Prompting patterns that get better results
How you phrase instructions matters more than you'd think. Here are the patterns that consistently produce better code.
Define what "done" looks like
Bad: "Improve the authentication."
Good: "Add rate limiting to the login endpoint. 5 attempts per email per 15 minutes. Return 429 with Retry-After header. Write tests for the limit and the reset. Don't touch the registration endpoint."
The second prompt has no ambiguity. Claude can execute it without asking a single clarifying question.
State constraints explicitly
Claude follows the rules it knows about. If you don't mention a constraint, it won't consider it:
- Do NOT modify any files in src/legacy/ — that code is frozen
- The build must pass with Node 18 (no Node 20+ APIs)
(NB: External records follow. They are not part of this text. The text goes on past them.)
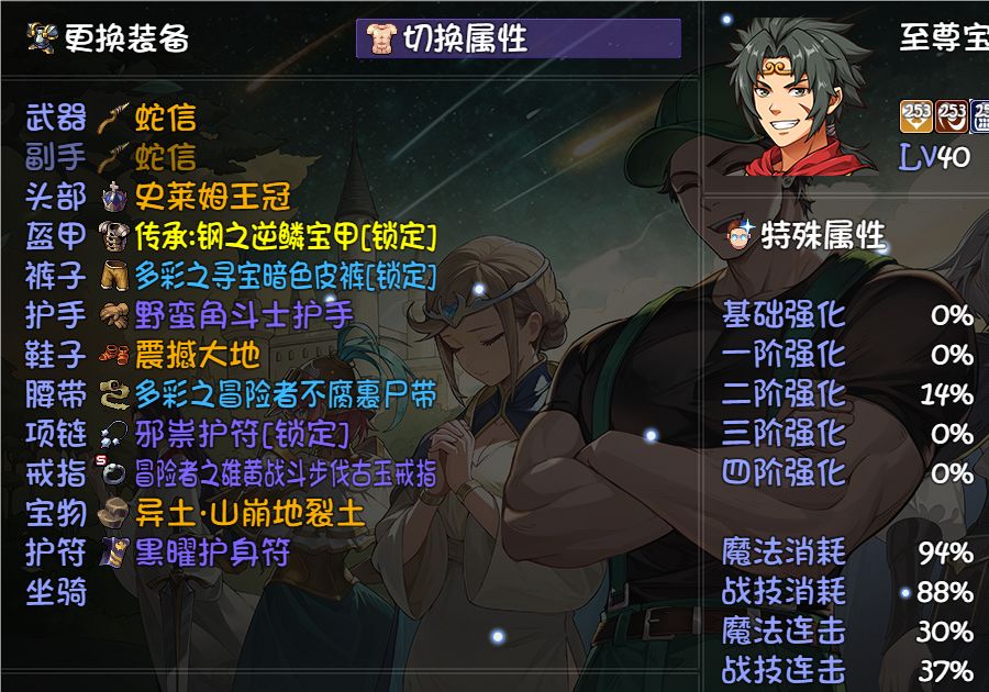 首先至尊宝核心被动 因为追加的横扫千军是物理伤害,所以我们堆物伤和所有伤。 关键至尊宝启动需要打火机,所以问题来了你愿不愿意用一个位置来换至尊宝启动。针对至尊宝打火机的人选我试了很多像火女,十字斩赫伯特,但这样子总感觉少了一个人物位输出,这时候我盯上了宠物位。 向大家推荐我的龟龟 因为是核心技能所以给它吃个卓尔不群 它这时候龟龟只能触发3次被动,所以要堆高龟龟的魔法连击,观照万象出列 还能给
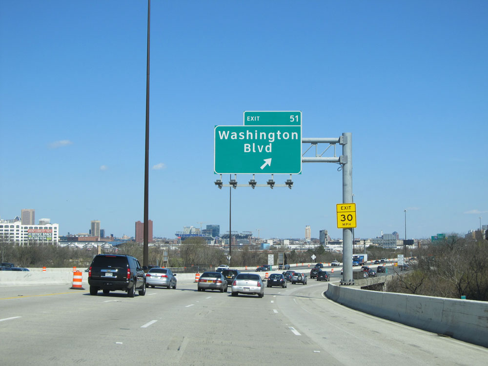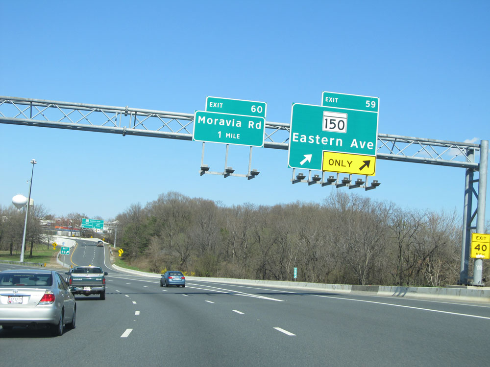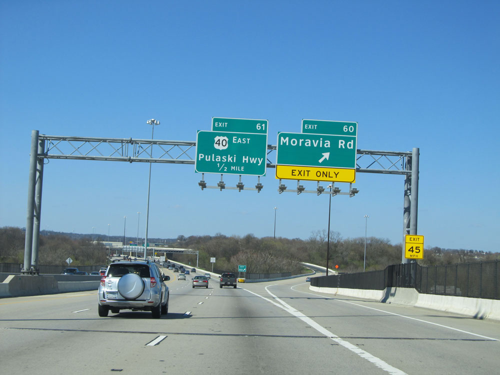 Interstate 95 North at Exit 60: Moravia Rd (Photo taken 4/11/15).
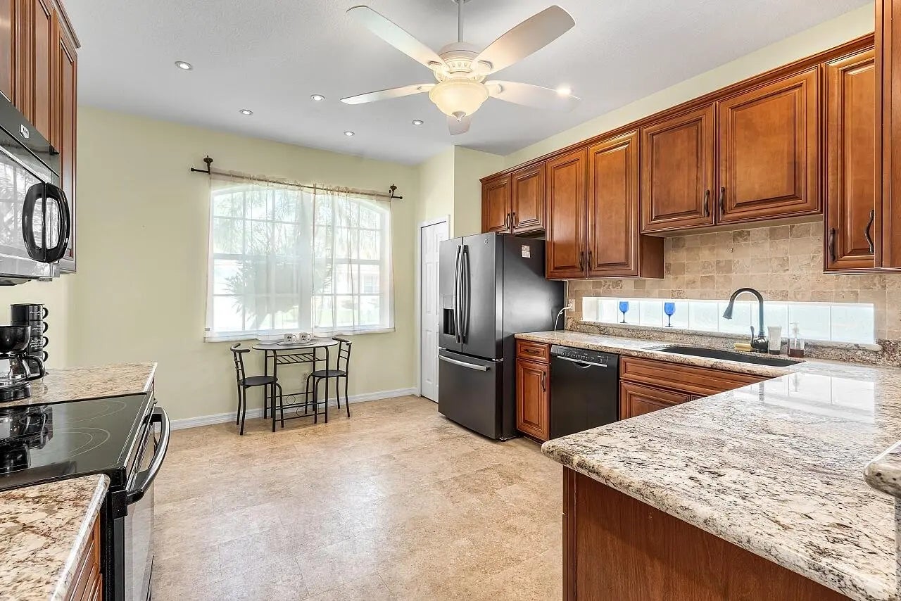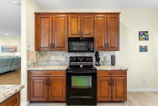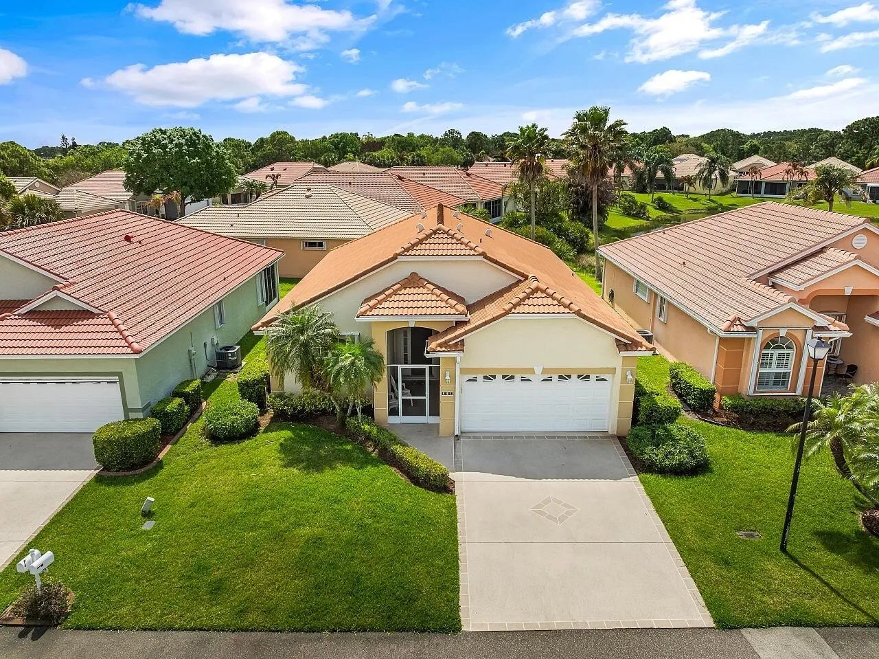Move right into this beautiful 2 bedroom, 2 bath CBS home in the desirable Isle of Madeira. Enjoy an open floor plan, updated kitchen with 42" wood cabinets and granite, and renovated bathrooms. Wood and tile flooring throughout, with new carpet only in the primary bedroom. Relax on the tiled, screened lanai with peaceful lake views and ideal southern exposure. Additional features include a 2021 barrel tile roof, accordion shutters, screened front porch, and an interior laundry room with extra storage. Kings Isle offers resort-style amenities, including a clubhouse, pool, fitness center, pickleball, tennis, and endless social activities and is located in the heart of St. Lucie West near shopping, dining, and I 95. A well-maintained, move-in-ready gem in a premier active-adult community. This home is turnkey with a full price offer (Excluding the car and personal belongings).
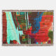 A quality printed throw has its advantages. This is a much finer weave throw than its loopier cousins, and though lighter, it is worth the investment for custom room accessorizing. The back is much prettier than the typical brown, and the fringe on the long sides very vivid, the selvage nicely done. Before photographing, I washed the throw in cold water, delicate, with a thicker woven throw the same size. On tumble dry low, this throw was dry in half the time as the other. This is a very practical quality if you use throws for furniture covers or to wrap up in frequently. The sleekness of the fabric makes it a great layer for accenting or protecting without the feeling of sitting on too much stuff. Perfect for napping or when you feel a light chill coming on. The color printing is beautiful and on this fabric, matched the design and color of my Photoshop image. This is an advantage for blending room fabrics and colors. The fringe on the short sides prints the colors from the design image and therefore varies from the side fringe. I streaked a white fractal line through the plaid pattern to give the illusion of weaving. This printed as crisp as an illusory thread, and put some white in the short side fringe, showing another advantage of print vs loomed- for artistic purposes, line lines, detail, and color integrity can be planned and preserved. My loomed throws have color limitations and more of a needlepoint texture. Print throws reproduce an exact image. The throw felt a little stiff straight out of the package, but this went away in the first delicate wash. Of course I searched the wash water for ink or bleeding and there was none.
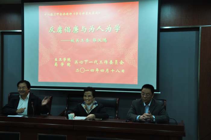 4月18日下午,校关工委副主任郭汉鸿同志应beat365亚洲体育官方网站和药公司关工委邀请,以“十八届三中全会精神《学习讲堂大家谈》”为载体,与学子共话“反腐倡廉与为人为学”。报告会由公司党委书记、beat365亚洲体育官方网站关工委主任缪昌美同志主持。
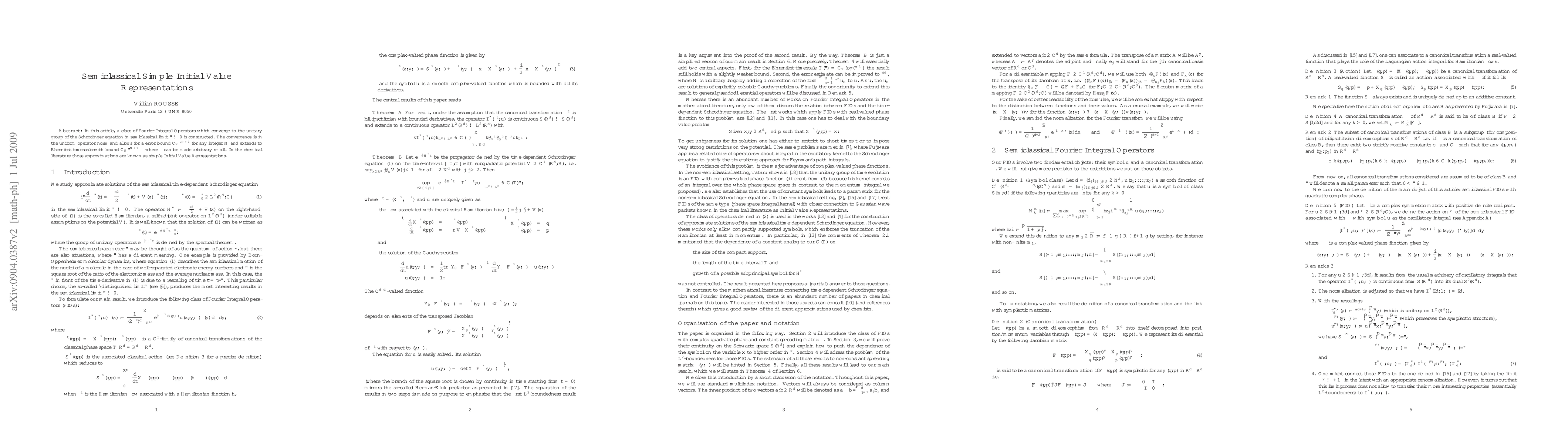 In this article, a class of Fourier Integral Operators which converge to the unitary group of the Schr\"odinger equation in semiclassical limit $\epsilon\to 0$ is constructed. The convergence is in the uniform operator norm and allows for a error bound $C_N\epsilon^{N+1}$ for any integer $N$ and extends to Ehrenfest timescaleswith bound $C_N\epsilon^{N+1-\rho}$ where $\rho$ can be made arbitrary small. In the chemical literature those approximations are known as simple Initial Value Representations.
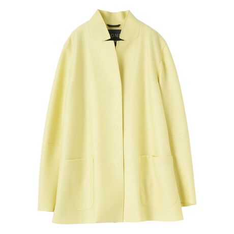 ミニマルなデザインと、春らしい軽やかさが共演する比翼風ジャケット。美しい色合いが目を惹く一着は、襟元や裾の端をカットオフにし、ミシンで叩いたディテールが最大の特徴。コンサバになりすぎない大人のエフォートレスな表情を演出します。フロントにはスマートな着脱を叶えるスナップボタンを採用し、閉じた際もすっきりと洗練された比翼風のルックスに。やや薄手で伸縮性も程よくある素材感はカーディガン感覚でさらりと羽織ることができ、大きなパッチポケットが実用的なアクセントを添えます。

- Keep bundle size under 200KB — check with `npm run analyze`
Ask for a plan on anything touching 3+ files
For larger tasks, ask Claude to plan before executing:
Plan how you'd implement a caching layer for API responses. Show me:
1. Which files you'd create or modify
2. The cache invalidation strategy
3. How it integrates with existing middleware
Don't write code yet. Just the plan.
Review the plan, adjust it, then let Claude execute. This catches structural mistakes before they cascade across multiple files. Changing a plan costs nothing. Undoing a half-implemented wrong approach costs hours.
How it all connects
Your setup gives Claude project knowledge. Your automation enforces standards. Your integrations give Claude access to your infrastructure. Workflows determine how Claude operates day to day.
Start with pre-commit review — it's the easiest win and the one you'll use every single day. Then try subagents next time you have a feature that touches 4+ files. Score your setup to see where your workflow orchestration stands.
Frequently Asked Questions
How many subagents can run at the same time?
It depends on your machine (RAM, CPU) and API rate limits. On a typical dev machine, 3-5 concurrent subagents work well. Each one is a separate session consuming tokens, so watch your usage if you're on API pricing.
Should I use subagents for everything?
No. They add overhead — context switching, session creation, and the risk that a subagent misses context the main session has. A good test: if you could hand the task to a colleague with just a written brief (no verbal explanation needed), it's a subagent candidate. If you'd need a 10-minute conversation to explain the context, keep it in the main session.
What do I do when Claude's fix doesn't work?
First, make sure Claude actually verified the fix by running the failing test. If the fix genuinely doesn't work, don't let Claude try the same approach again. Say "that approach didn't work — propose a different root cause." After three failed attempts, escalate: new hypothesis, human review, or add logging and gather data.
Can Claude Code do pair programming?
Yes, and it works best with a specific split: you drive architecture decisions, Claude handles implementation. Describe what you want at a high level, let Claude propose the code, review it, iterate. The anti-pattern is letting Claude make architecture decisions without your input — those compound, and by the time you notice a wrong turn, Claude has built three layers on top of it.
How do I handle large refactors?
Break them into phases, one subagent per phase. Phase 1: "Rename all occurrences of OldService to NewService." Phase 2: "Update all callers to use the new API signature." Phase 3: "Remove deprecated methods and update tests." Each phase is bounded and testable. The main session tracks progress and handles integration between phases.